Alejandro López

Personal information
- Full name: Alejandro López Tamarez
- Date of birth: 28 January 2009 (age 17)
- Height: 1.84 m (6 ft 0 in)
- Position: Centre-back

Team information
- Current team: Rayo Vallecano (youth)

Youth career
- 2018–2025: Atlético Madrid
- 2025–: Rayo Vallecano

International career^{‡}
- Years: Team / Apps / (Gls)
- 2025–2026: Dominican Republic U17 / 5 / (2)
- 2026–: Dominican Republic / 2 / (0)

= Alejandro López (footballer, born 2009) =

Dominican Republic footballer (born 2009)
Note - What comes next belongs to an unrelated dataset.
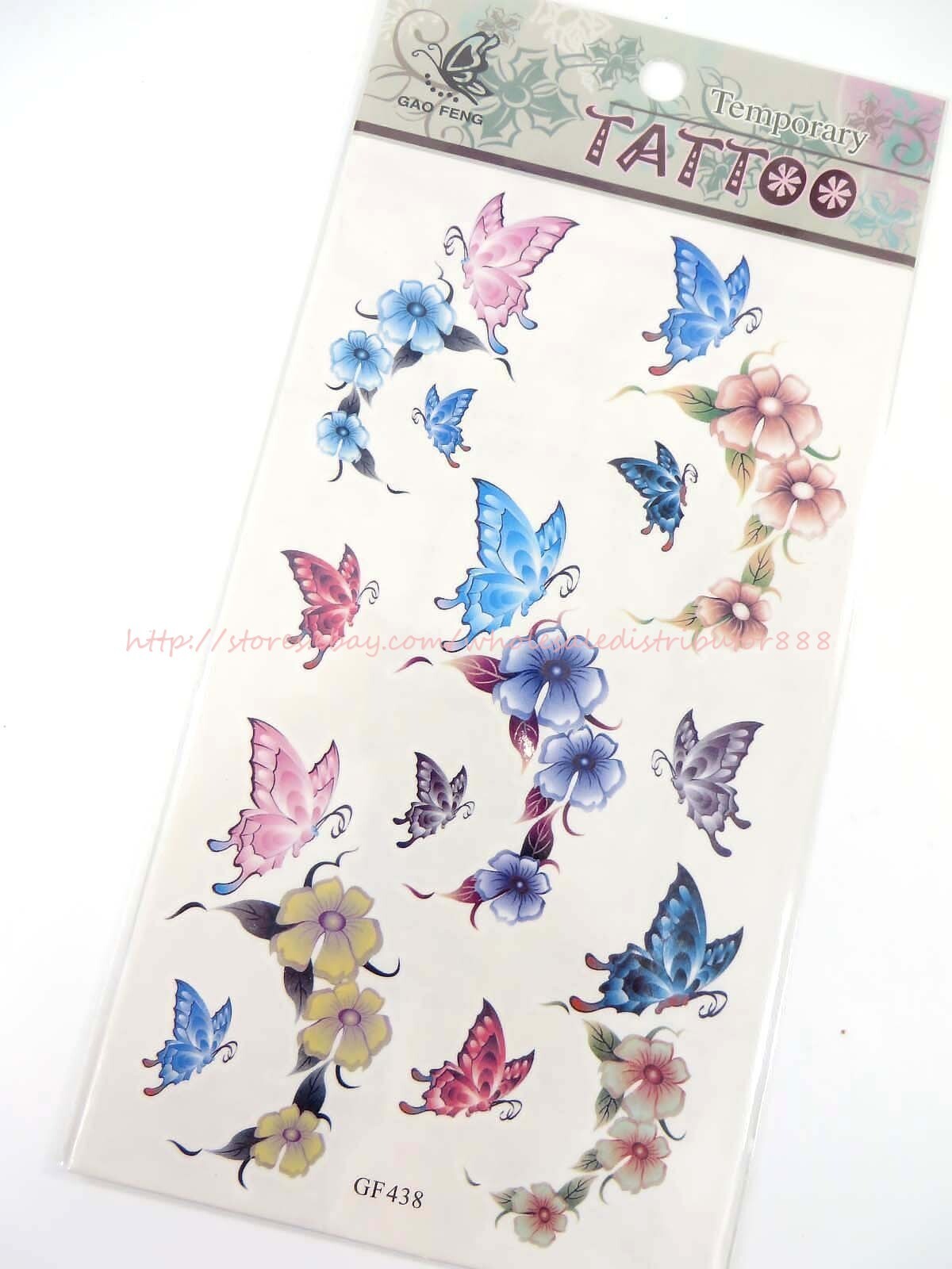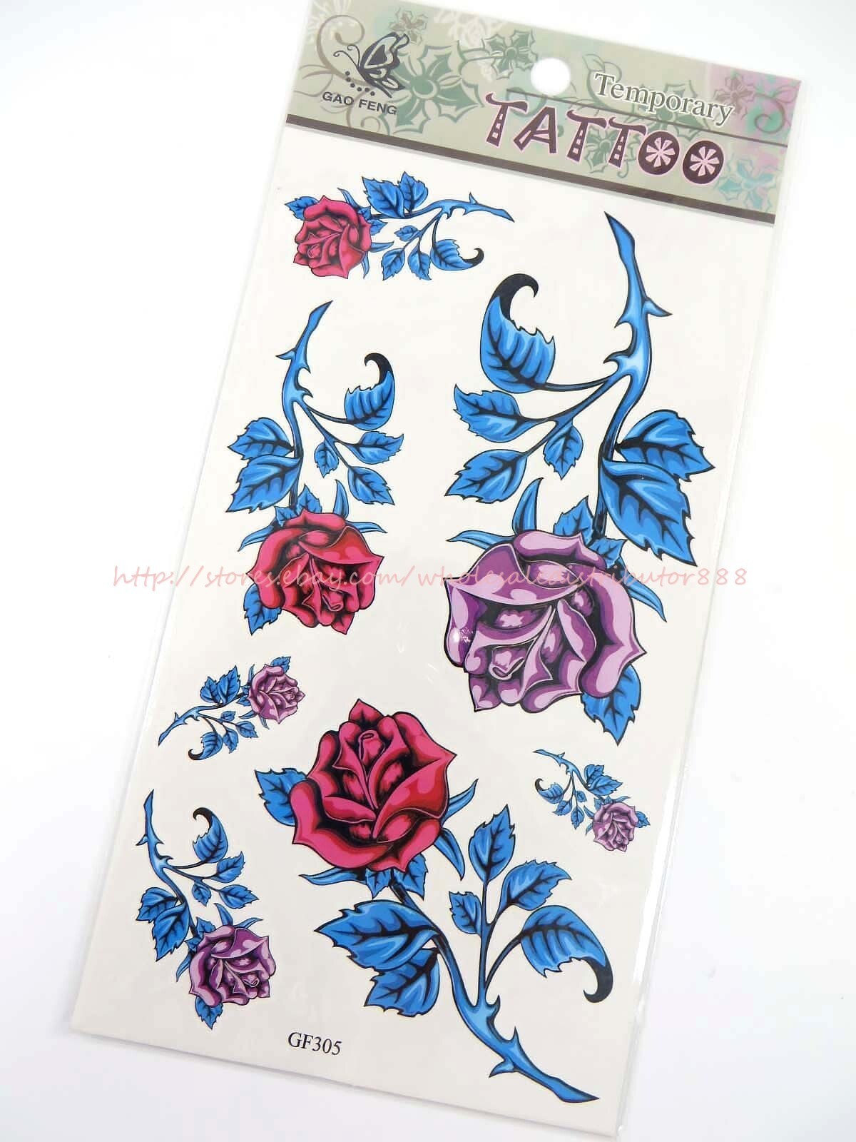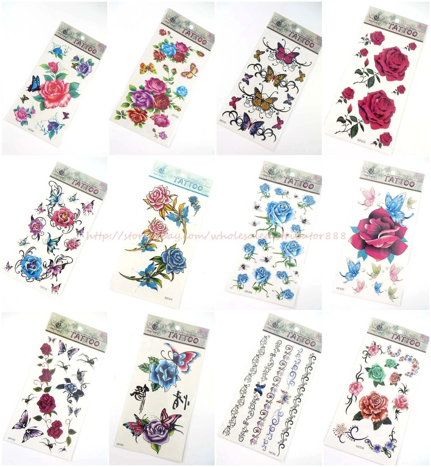 12 sheets temporary tattoo rose body sticker wholesale floral butterfly

Alejandro López Tamarez (born 28 January 2009) is a professional footballer who plays as a centre-back for the youth academy of Rayo Vallecano. Born in Spain, he plays for the Dominican Republic national football team.

==Club career==
López began his youth career at Atlético Madrid, one of Spain's most prominent academies. In July 2025, he joined the youth academy of fellow La Liga club Rayo Vallecano, where he has featured for the Juvenil B side.

==International career==
Born in Spain, López is of Dominican descent. He represented the Dominican Republic at under-17 level, featuring in the 2026 CONCACAF U-17 Qualifiers, where he was named in the team of the tournament. He started in the Dominican Republic's final group stage match against the United States, which ended in a 1–1 draw.

López subsequently received a call-up to the senior Dominican Republic squad under head coach Marcelo Neveleff, and started in a friendly against Panama in June 2026.